■ **Task description**:
Reproduce the entire listing exactly. Leave the pictures out.

■ **Information supplied**:

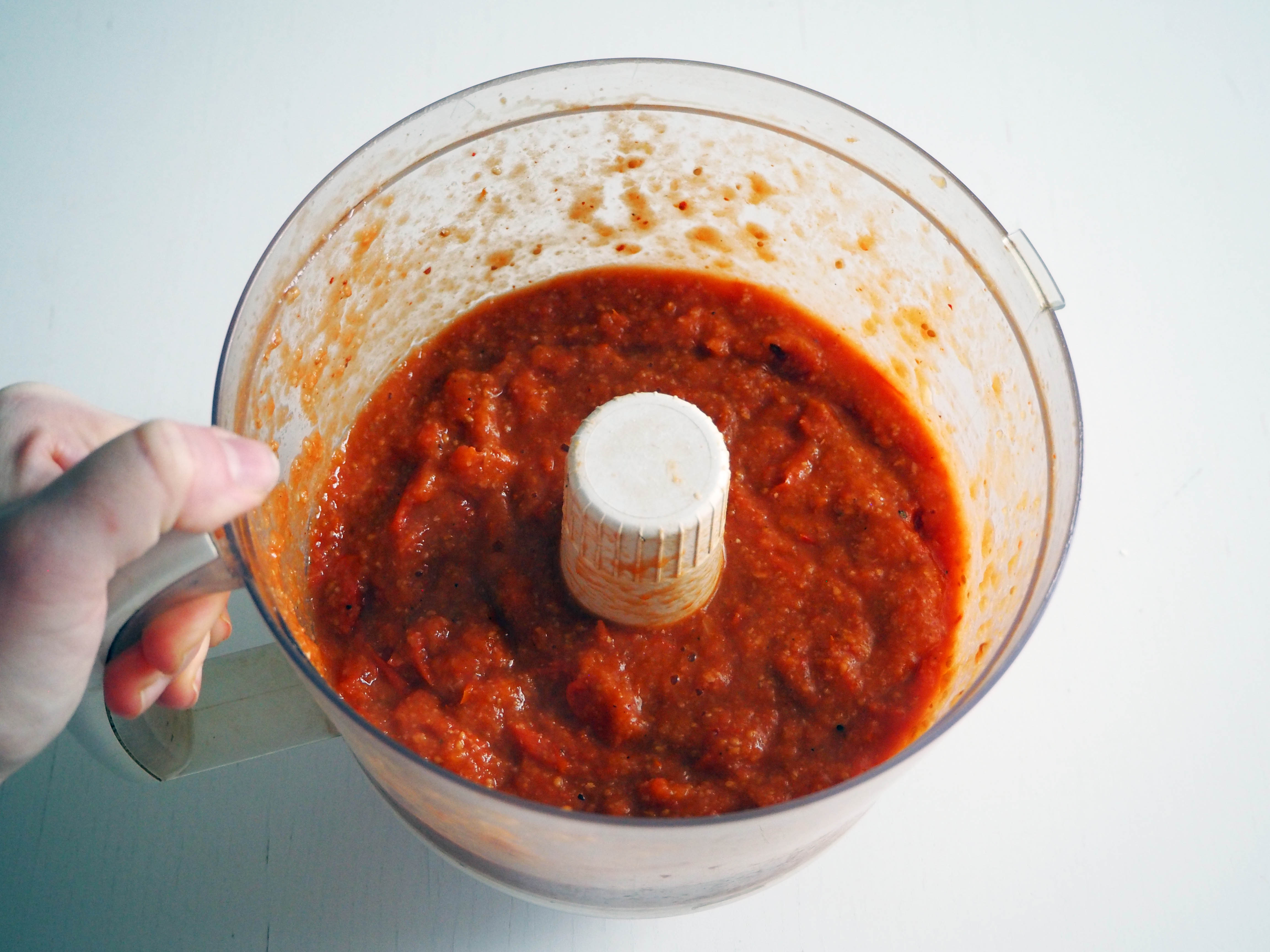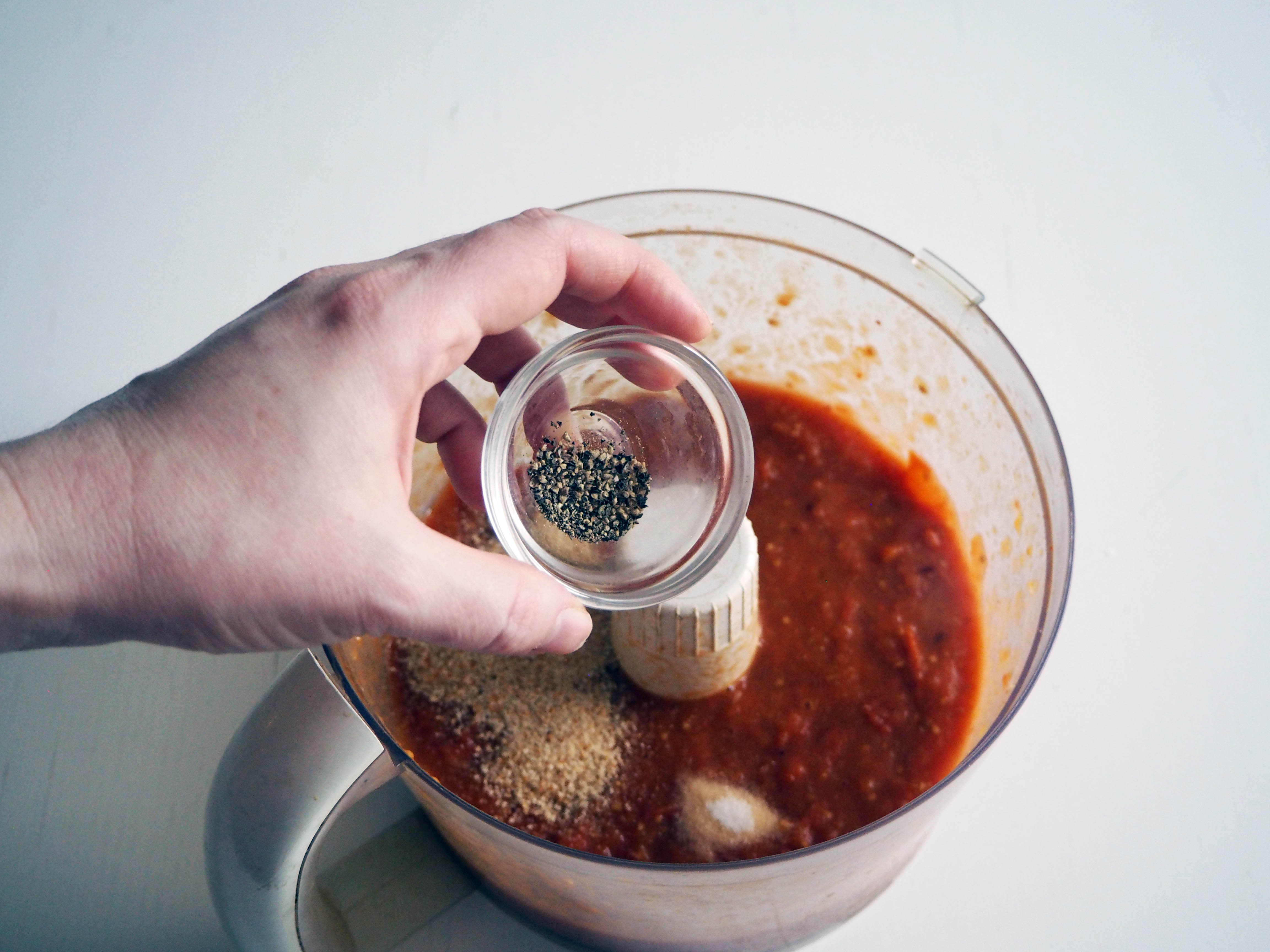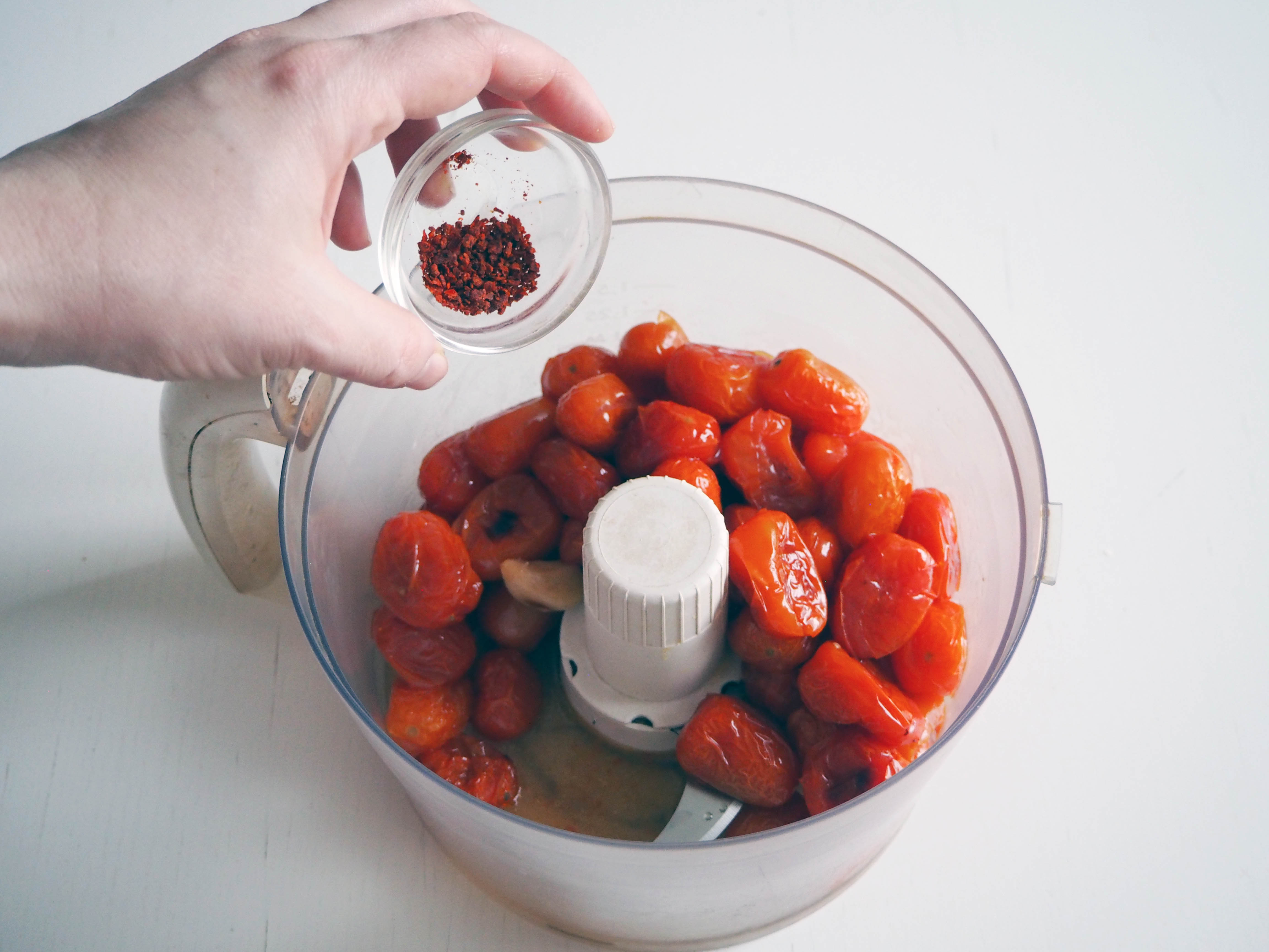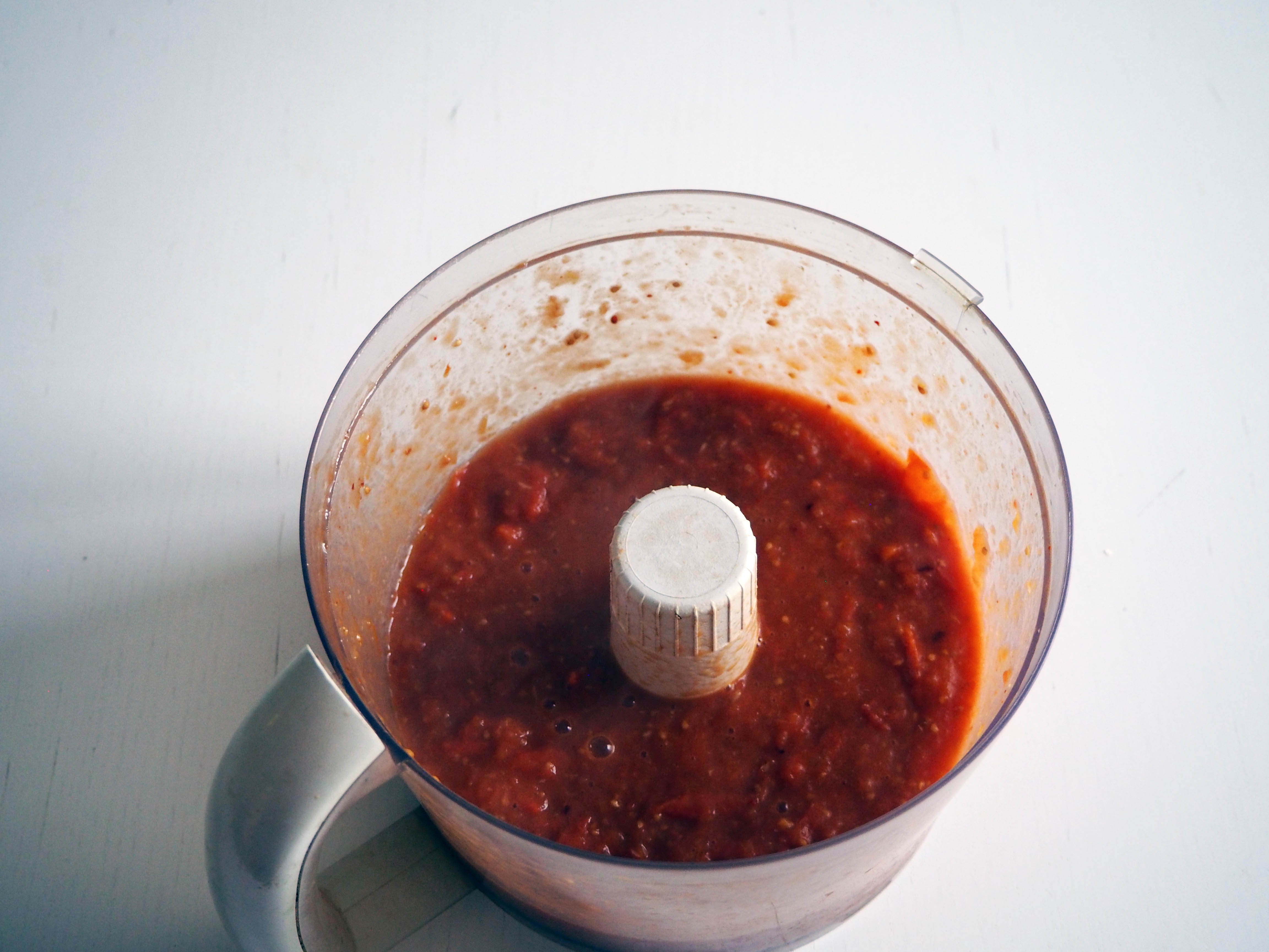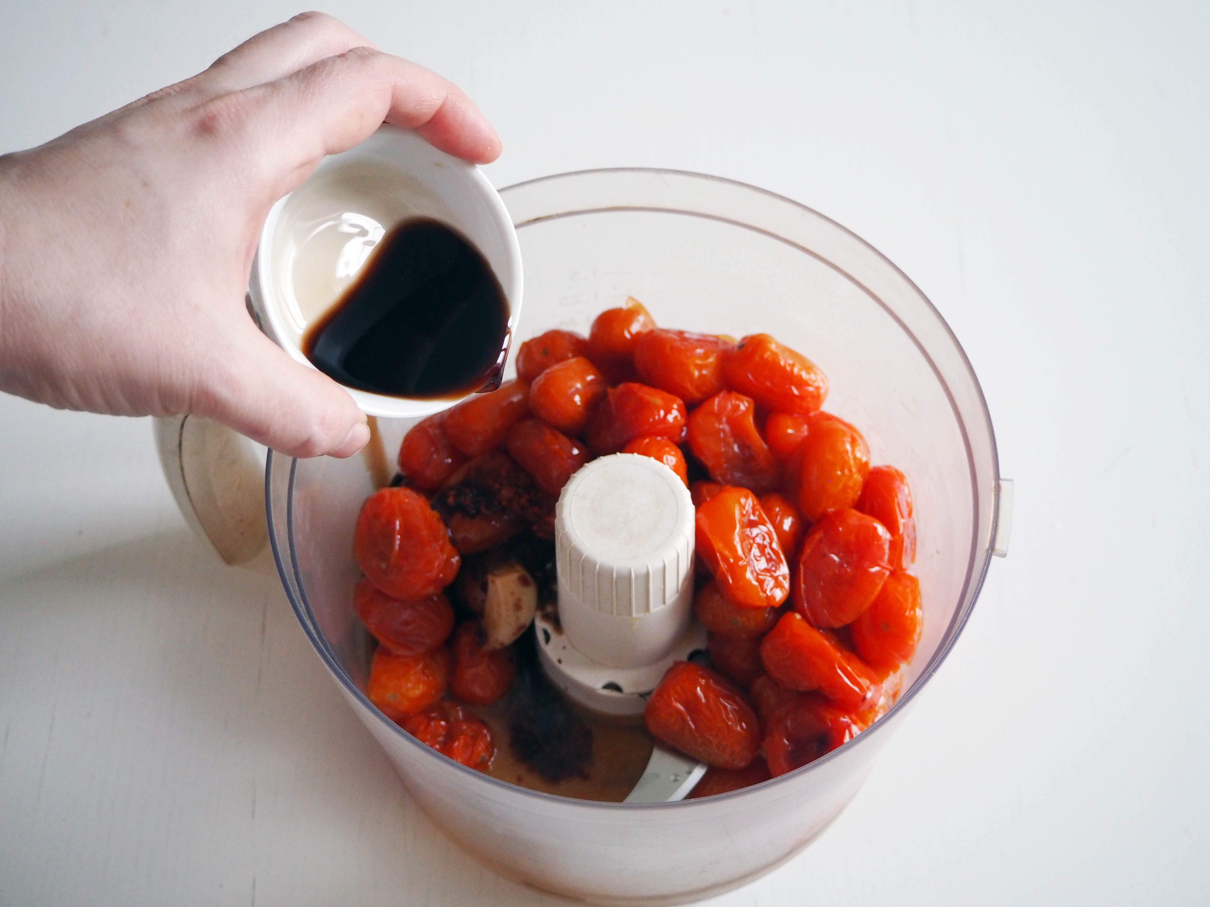 5. Put tomato mixture, red pepper flakes, balsamic vinegar and brown sugar in a food processor and process well.
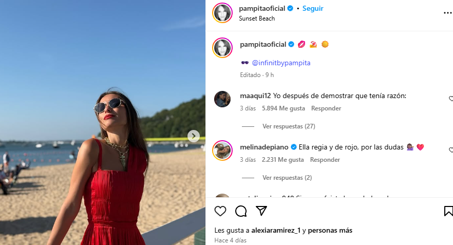 Más tarde ese día, publico postales en su Instagram, donde le dio like a dos cometarios: "Yo después de demostrar que tenía razón" y "Ella regia y de rojo, por las dudas".
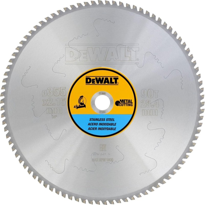 Sägeblatt zum Schneiden von Edelstahl 355 x 90T, Durchmesser 25,4 mm, DeWALT

■ **Answer**:
 5. Put tomato mixture, red pepper flakes, balsamic vinegar and brown sugar in a food processor and process well.
 Más tarde ese día, publico postales en su Instagram, donde le dio like a dos cometarios: "Yo después de demostrar que tenía razón" y "Ella regia y de rojo, por las dudas".
 Sägeblatt zum Schneiden von Edelstahl 355 x 90T, Durchmesser 25,4 mm, DeWALT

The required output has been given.